A descristianização existe mais devido à fraqueza daqueles de nós que preferem um cristianismo burguês, habituados a existir dentro de uma zona de conforto, do que devido à "perversidade" e "estratégia" das tendências anti-cristãs.

Rodrigo Guerra. Secretário da Pontifícia Comissão para a América Latina

Ambas as posições são um erro grave. Neoconservadores e progressistas, aparentemente opostos, são no fundo crianças da mesma matriz iluminista. A leitura teológica da história realizada pelos bispos latino-americanos desde a II Conferência Geral do Episcopado (Medellín, 1968) até à V Conferência Geral realizada em Aparecida (2007), é diversa. Os processos de descristianização coexistem com novas buscas que significam que o coração humano continua a ansiar por uma plenitude de verdade, bondade, beleza e justiça que só Cristo pode cumprir e superar. Permitam-me que diga de outra forma: a Igreja Latino-americana é uma criança do Concílio Vaticano II. No Conselho há uma plena consciência do drama do nosso tempo. Mas este drama não é confrontado com o medo do mundo, nem com a aprovação ingénua da sua inércia "mundana".

A "descristianização" dos indivíduos, famílias e sociedades não é tanto um "inimigo", mas uma "oportunidade" de repropor com vitalidade um cristianismo empírico, experiencial, sacramental, não reaccionário, mas comunitário e missionário. Para isso, é necessário, curiosamente, amar apaixonadamente o mundo. Não de forma a ignorar a sua falta de orientação.

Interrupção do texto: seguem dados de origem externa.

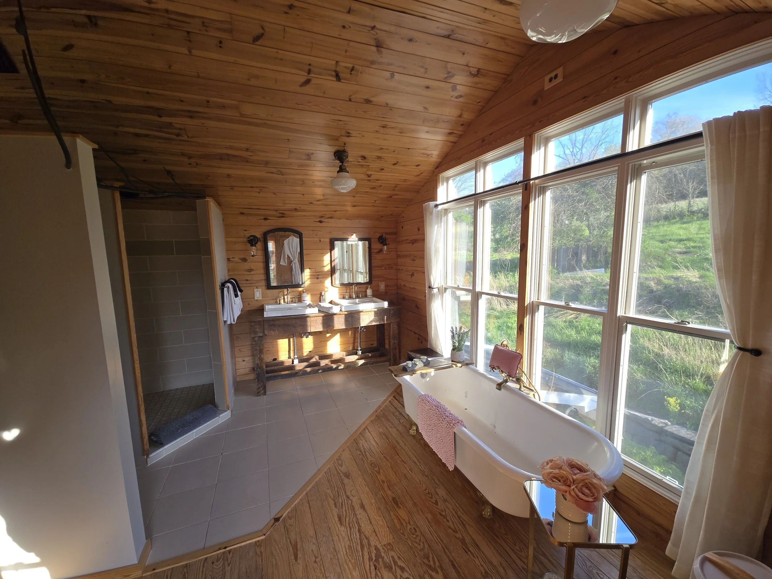 Through a pair of glass-paneled doors, the view stretches out across the hills. A soaking tub waits near the window. A walk-in shower stands ready to rinse away the road. It’s romantic. It’s cozy. It’s the perfect little retreat inside the bigger journey.
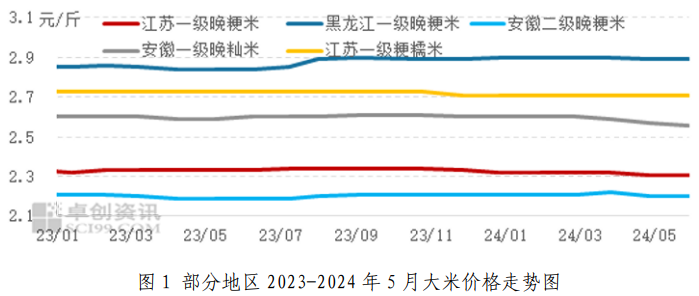 北方粳米价格涨跌互现,江苏粳米价格稳定。截至5月29日,黑龙江基层余粮下降,持货贸易主体低价惜售,部分产区米厂稻谷到厂价上涨,因成本增加,米价窄幅跟涨。圆粒米出厂主流价3660-3880元/吨,按质定价。同时由于下游优质长粒米需求平淡,米厂高价米走货不快,局部高端价格窄幅下调。黑龙江多数产区长粒香米出厂价4900-5100元/吨,少数产区出厂价4700-4800元/吨,按质定价。辽宁辽星米出厂主流价4200-4600元/吨,盐丰圆粒米出厂价3900-4040元/吨。江苏米厂稻谷到厂成本难降,加之下游客商抵触高价买米,米厂高价米难销,价格僵持运行。粳米出厂价3700-3900元/吨。
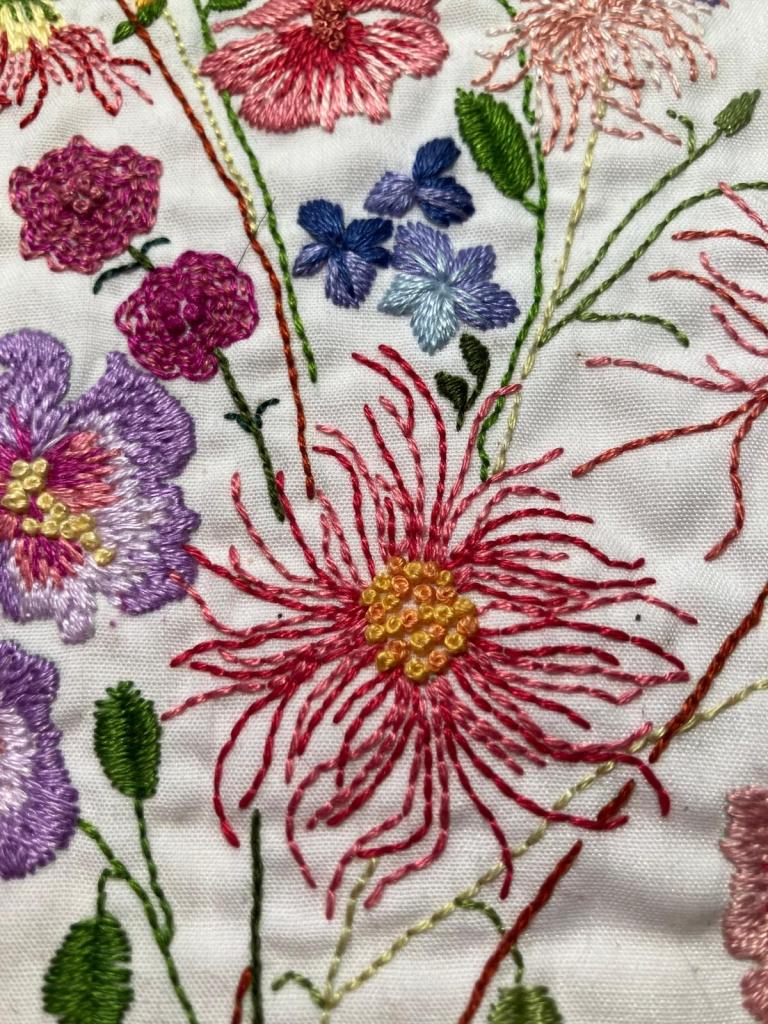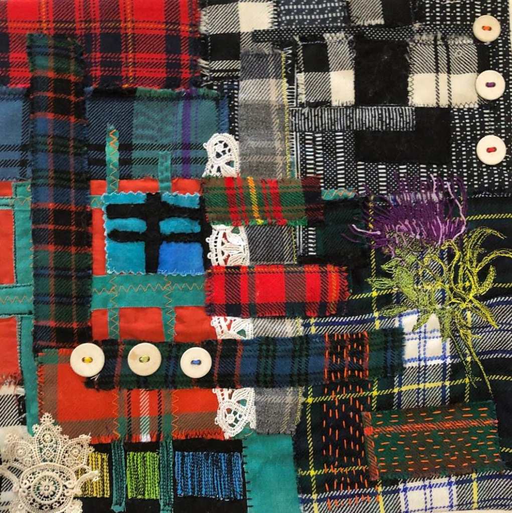 Out of the Fold are sad to say farewell to Caroline Brown who has moved to Surrey. Caroline joined the group in 2011 and over the many years as a member produced some fabulous work for exhibitions. Always highly creative and ambitious, with bold use of colour, quirky subjects, and often using vintage fabrics from her collection amassed over several decades.
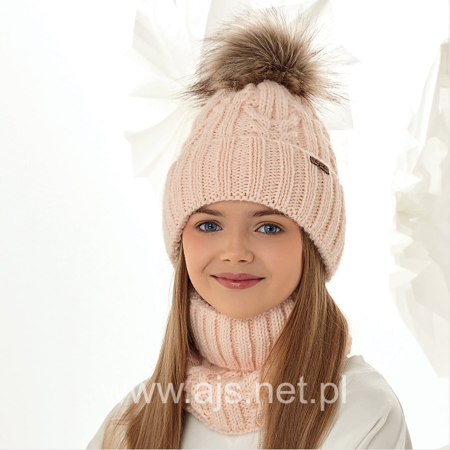 Design: Căciulă tricotată cu moț pufos și fular asortat
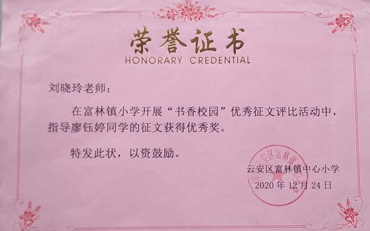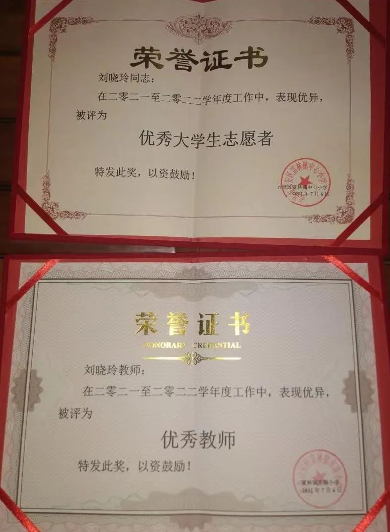 在刘晓玲的不懈努力下,三年的支教生涯也取得了不少成果。不仅指导学生获得了许多区、镇级的写作奖项,孩子们的学习成绩也得到了显著地提高。她的工作也得到了学校方面的肯定,获得了“优秀大学生志愿者”与“优秀教师”的荣誉。

Mas abraçá-lo e reconhecer que nele sempre habitam e habitarão sempre os movimentos do Espírito Santo que nos precedem no dinamismo missionário.

Por outras palavras: a descristianização existe mais devido à fraqueza daqueles de nós que preferem um cristianismo burguês, habituados a existir dentro de uma zona de conforto, do que devido à "perversidade" e "estratégia" das tendências anti-cristãs. É por isso que é tão oportuno ouvir o Papa Francisco quando ele nos fala da "Igreja que sai", voltada para a missão, e não para a reacção. Ela sai para as periferias, ou seja, para as áreas à margem, cheias de riscos, mas necessitadas de Cristo.